Maggie Quick, a server at the Lower Manhattan Alamo Drafthouse, described an incident in which an employee dressed as a doctor for Halloween offered multiple women coworkers, including Quick, a gynecology exam.

Quick reported the situation to management and human resources. Screenshots from a complaints portal corroborate an investigation into a "gynecologist situation."

"I am legally and ethically unable to share exactly what measures were taken to address this concern," an official told Quick in a message. "What I can definitively share is that your voice has been heard and that action has been taken.
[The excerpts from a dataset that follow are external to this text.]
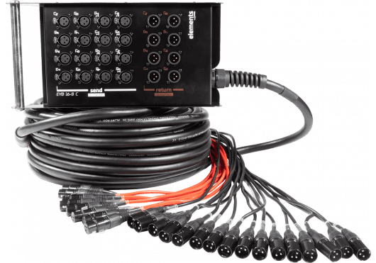 Las 16 entradas (conectores XLR hembra en la caja) se utilizan para enviar señales desde el escenario a la mesa de mezclas, como micrófonos o líneas DI. Las 8 salidas (conectores XLR macho en la caja) son retornos que se usan para enviar señales desde la mesa de mezclas de vuelta al escenario, por ejemplo, para alimentar los monitores de los músicos.
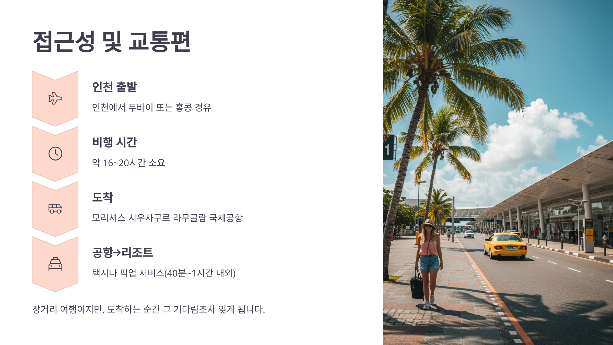 - 인천 → 두바이 또는 홍콩 → 모리셔스 시우사구르 라무굴람 국제공항(약 16~20시간 소요)
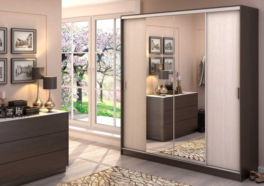 Вместительный современный шкаф-купе Альянс с зеркалом подойдет для любого интерьера. Он понравится тем, кто любит качественную, стильную мебель прекрасного дизайна. В шкафу имеются штанги и полки для вещей. -
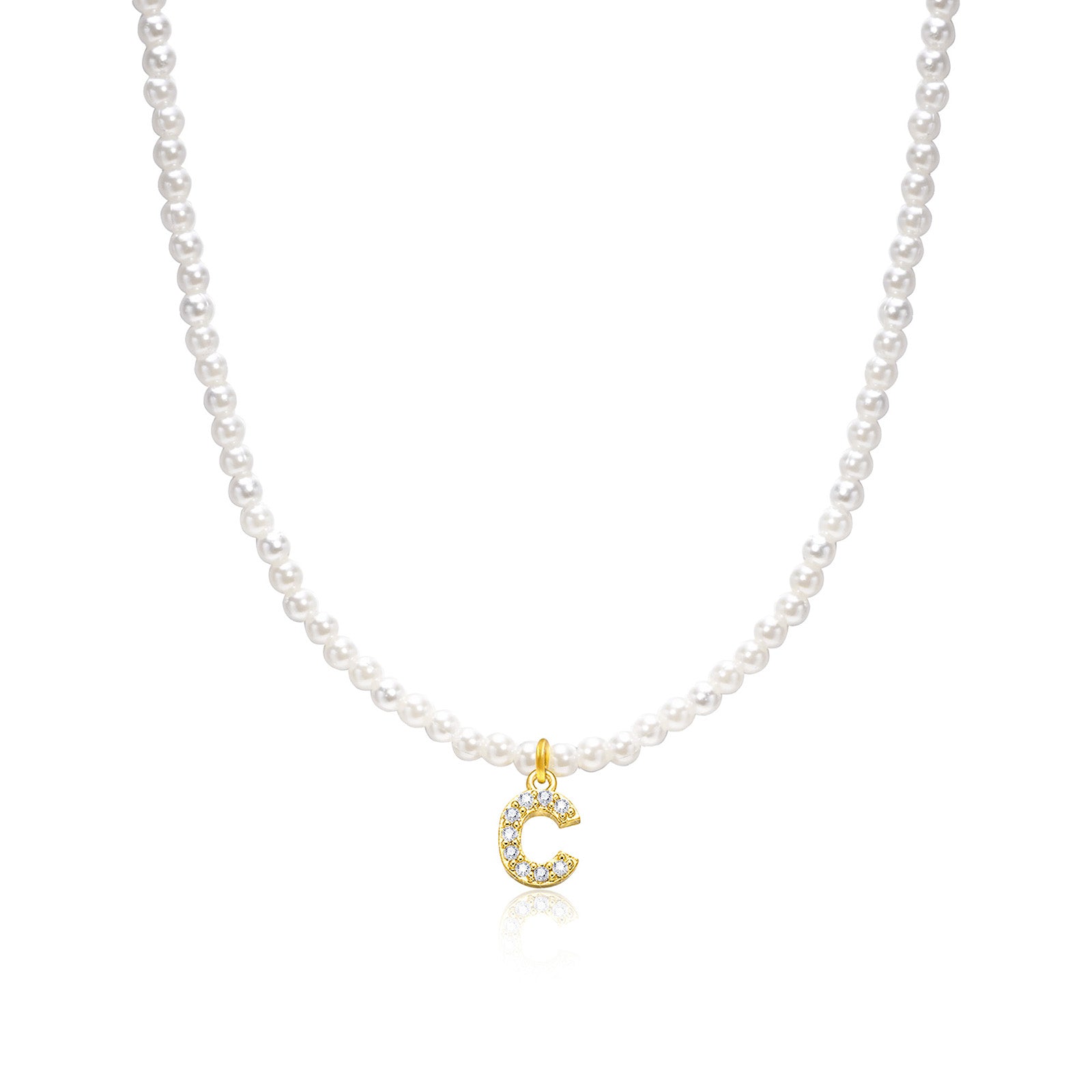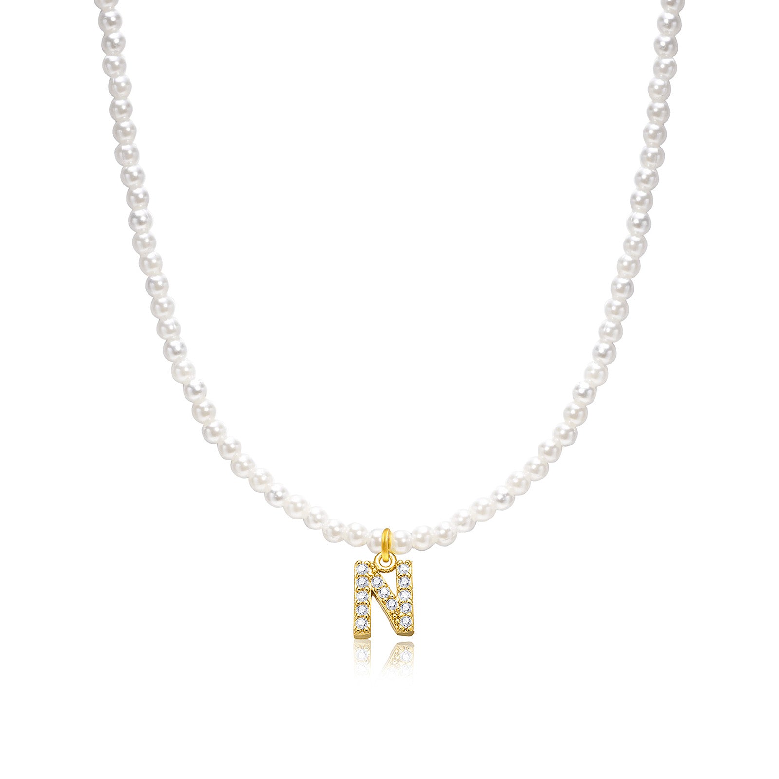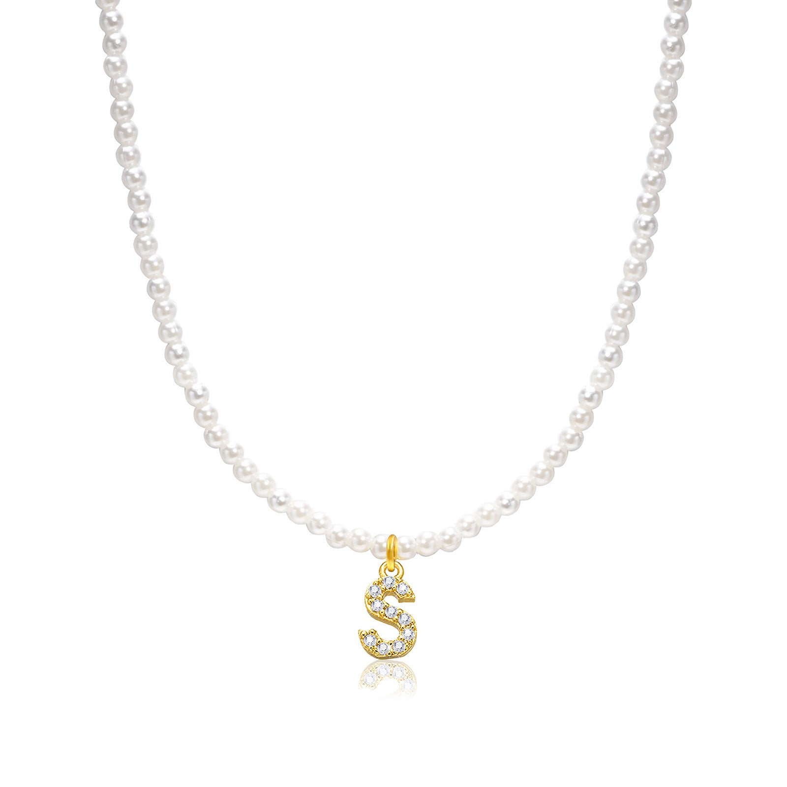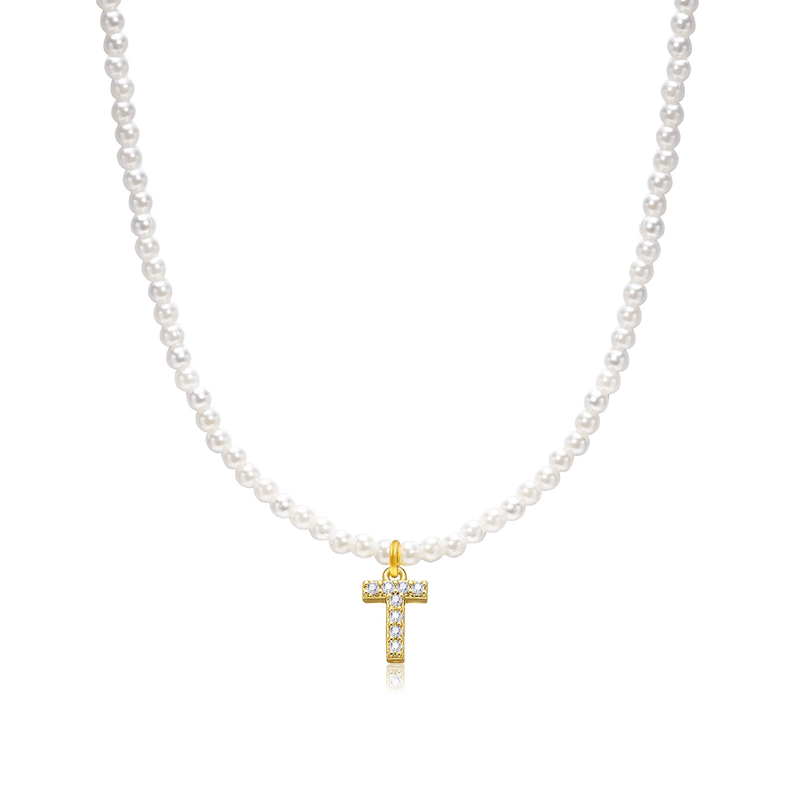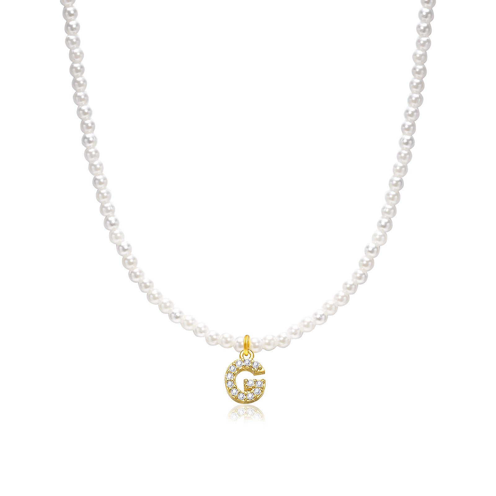 Basic Simple Style Letter Gold Plated Zircon Imitation Pearl Wholesale Pendant Necklace
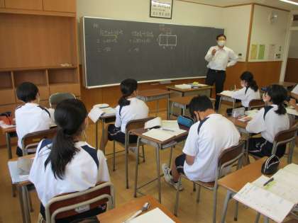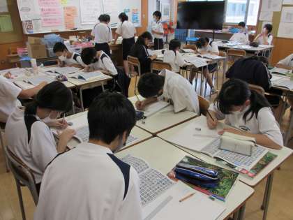 数学の授業は問題演習をしていました。黙々とプリントの問題を解いて、その後の解説を真剣に聞いていました。

We were not able to fully corroborate the claims made based off of conversations with potential witnesses."

"Creating a safe work environment for our teammates is a top priority," said an Alamo spokesperson when Hell Gate inquired about the incident. "Alamo Drafthouse has a zero tolerance policy of sexual harassment, discrimination, or racism of any kind and the alleged incidents are a clear violation of the company Code of Conduct." The spokesperson noted that the company has created official channels for employees to report harassment and other workplace issues. "All allegations and complaints are investigated thoroughly with appropriate discipline, up to and including termination," they added. "The specific allegations from the Alamo Manhattan location are being investigated and will be handled appropriately."

But multiple workers expressed frustration that the staff member in question kept his job after the incident. He was only fired months later, after showing up late to work, organizers said.
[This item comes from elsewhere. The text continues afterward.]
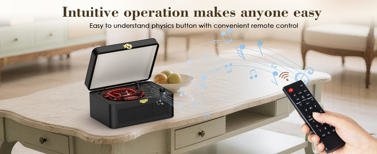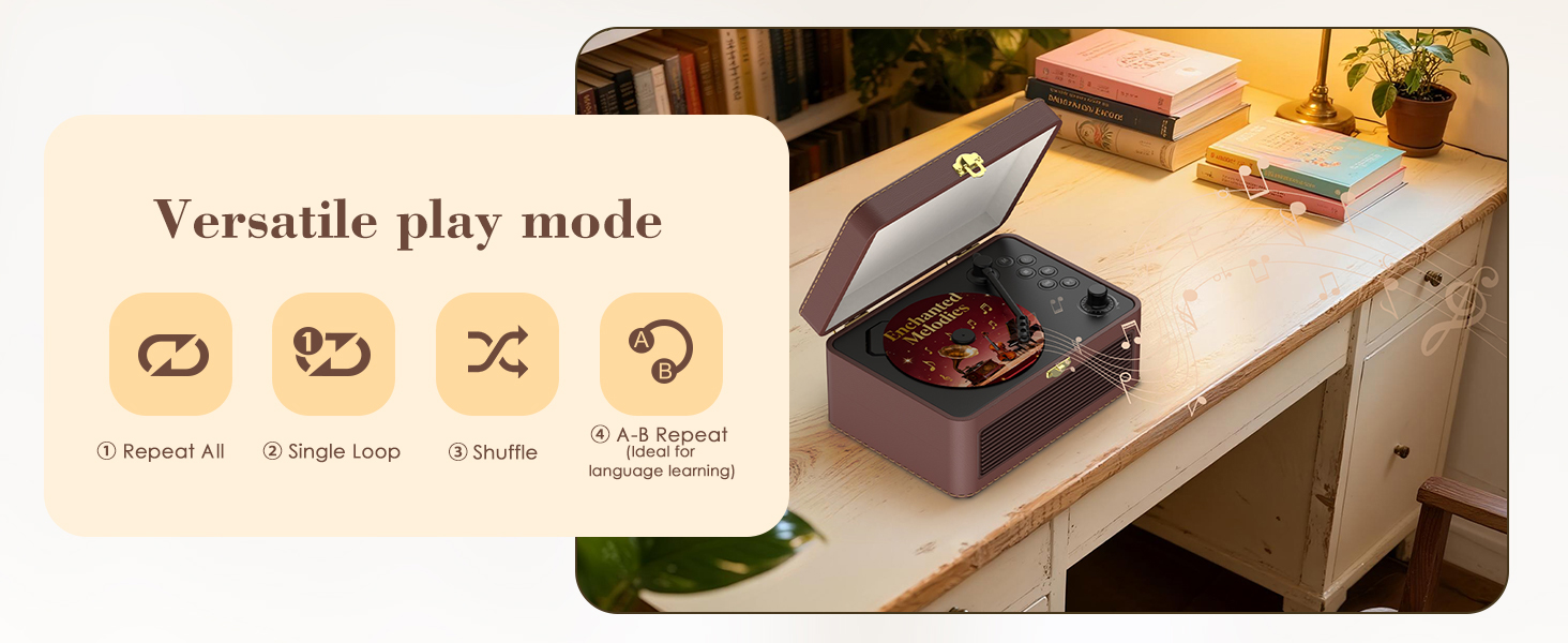- PU leather Design: Drawing inspiration from classic gramophones, this CD player features a PU leather design complete with a tone arm switch and transparent dust cover. Not only does it protect your CDs, but it also adds a better touch. The A-B repeat function is particularly suited to children's language learning and educational needs. Its distinctive aesthetic makes it an excellent gift for occasions such as birthdays, Christmas, or special events.

"A pattern at the Alamo is you can say whatever you want, and you won't get fired. But if you're late, that's where they're going to fire you," said Quick. "It's just unfortunate that that's where their priorities are."
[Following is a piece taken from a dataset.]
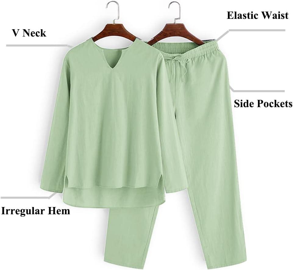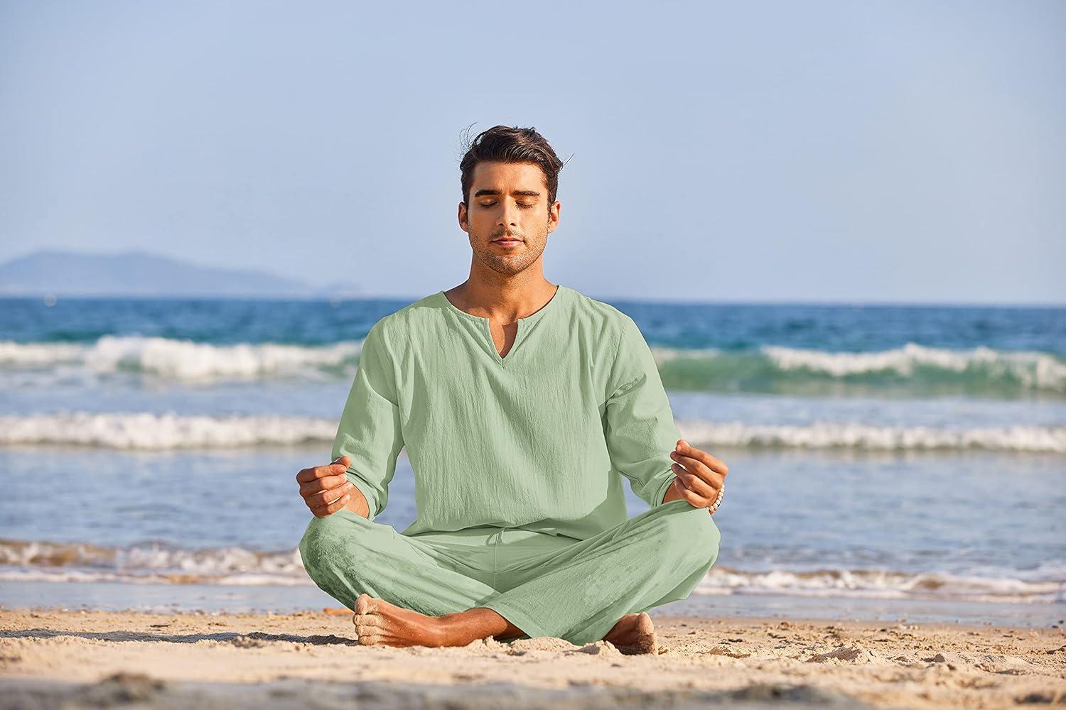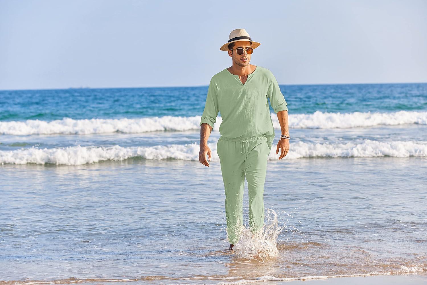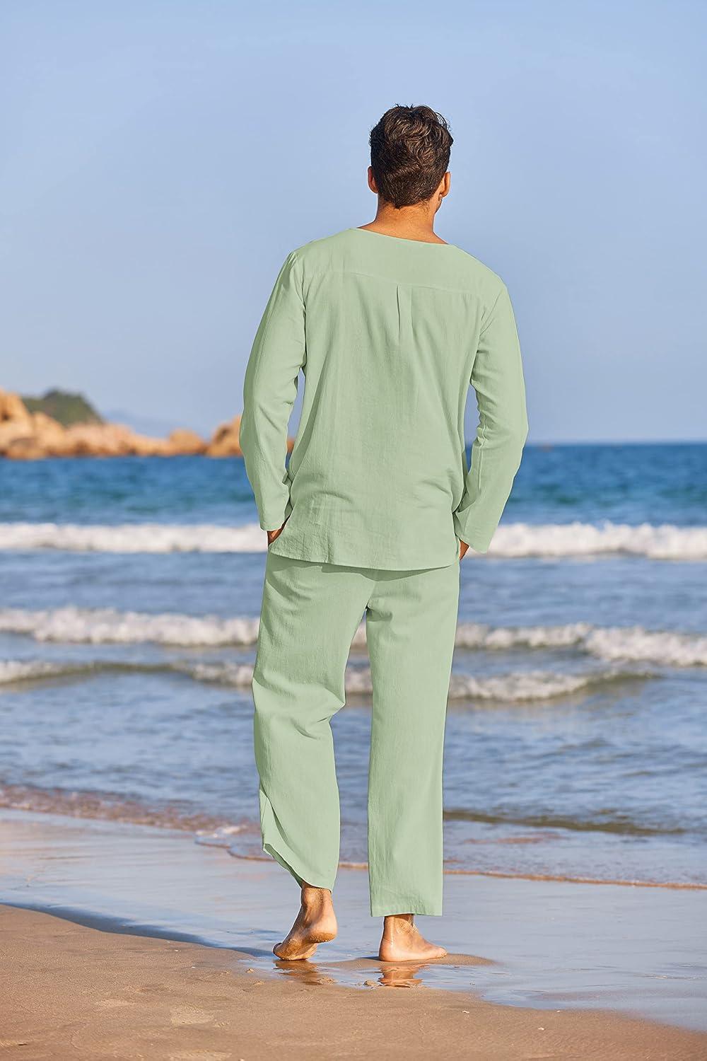 COOFANDY Men’s 2 Pieces Cotton Linen Set Henley Shirt Long Sleeve and Casual Beach Pants Summer Yoga Outfits(Light Green)

There have been other instances in which management has displayed a permissiveness for inappropriate workplace behavior at Alamo, workers said.

Alejandro Agudelo, a server at the theater, said a coworker once complained to him in front of customers about working movies about, as Agudelo recalled, "gay and trans shit." He allegedly proceeded to harangue Agudelo, who is gay, for his sexuality.

A manager later pulled Agudelo aside and, according to Agudelo, asked him not to discuss queer topics in front of coworkers.

"I thought at the time that the person who was harassing me was going to lose their job," he said. "But it turned out that I was being spoken to because that person who was making those comments was uncomfortable with me talking about those things in front of him."

In addition to pushing for transparency and follow through for workplace investigations, organizers are hoping a union can bargain for higher staffing rates and more hours. 

The short staffing issue came into focus for many workers during this summer's big blockbuster movie event: Barbenheimer.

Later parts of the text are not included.